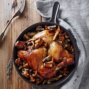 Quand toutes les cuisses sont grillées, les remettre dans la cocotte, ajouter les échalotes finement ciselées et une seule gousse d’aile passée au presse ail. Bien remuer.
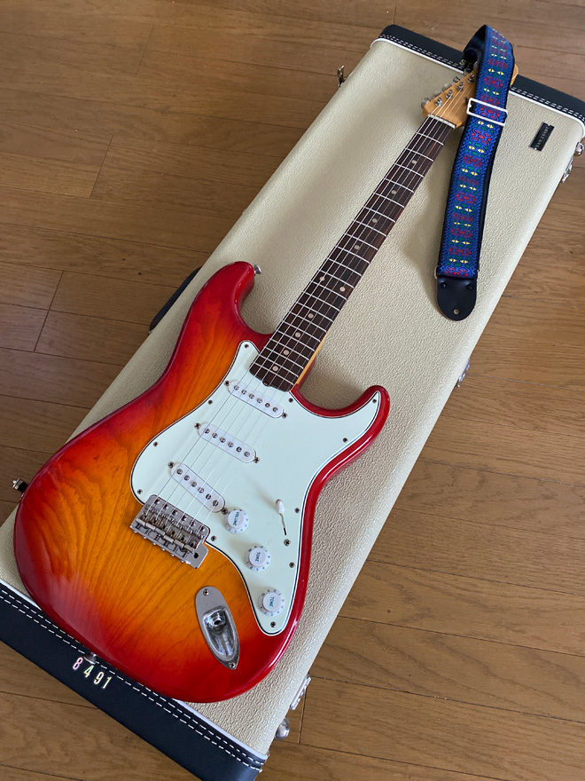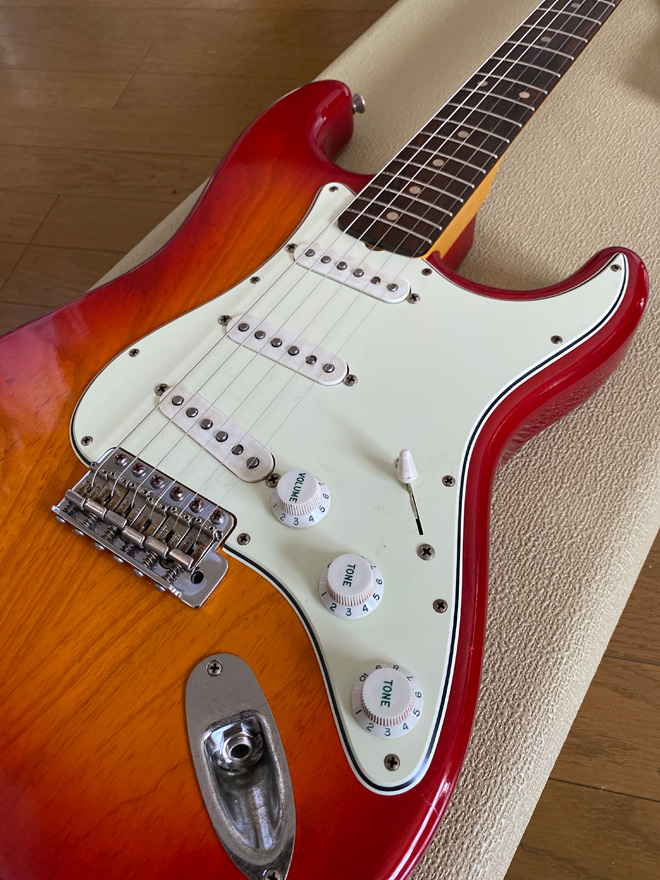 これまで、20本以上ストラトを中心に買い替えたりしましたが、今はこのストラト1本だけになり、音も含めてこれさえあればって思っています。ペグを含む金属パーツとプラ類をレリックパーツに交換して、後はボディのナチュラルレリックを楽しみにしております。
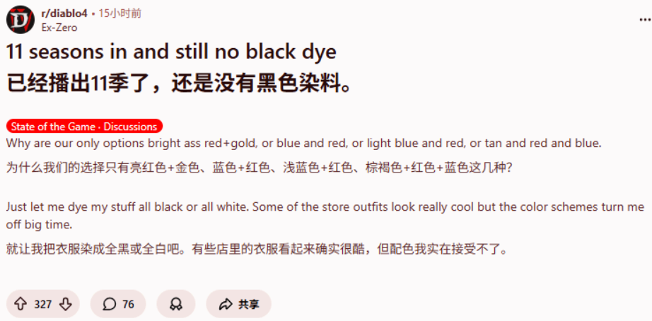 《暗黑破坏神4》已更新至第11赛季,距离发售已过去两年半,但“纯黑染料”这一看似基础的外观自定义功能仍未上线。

----

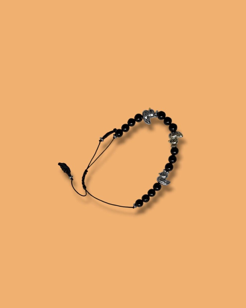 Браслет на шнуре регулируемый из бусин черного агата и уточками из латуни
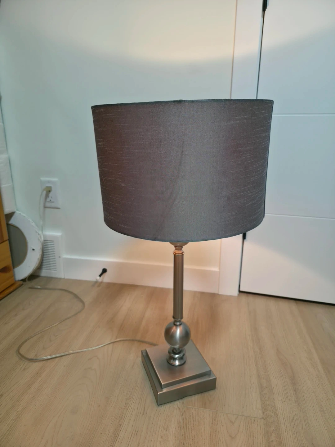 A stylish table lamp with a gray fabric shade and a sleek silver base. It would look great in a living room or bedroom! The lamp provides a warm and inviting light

----

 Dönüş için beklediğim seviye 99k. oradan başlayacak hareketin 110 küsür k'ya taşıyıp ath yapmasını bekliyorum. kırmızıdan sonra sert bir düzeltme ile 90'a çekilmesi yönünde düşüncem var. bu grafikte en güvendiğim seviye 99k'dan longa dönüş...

----

WHAT YOU SHOULD DO:
Using the listing above, repeat word for word each line from the one with "Браслет на шнуре" down to the one with "A stylish table", both included. Omit all pictures.

EXERCISE RESULT:
 Браслет на шнуре регулируемый из бусин черного агата и уточками из латуни
 A stylish table lamp with a gray fabric shade and a sleek silver base. It would look great in a living room or bedroom! The lamp provides a warm and inviting light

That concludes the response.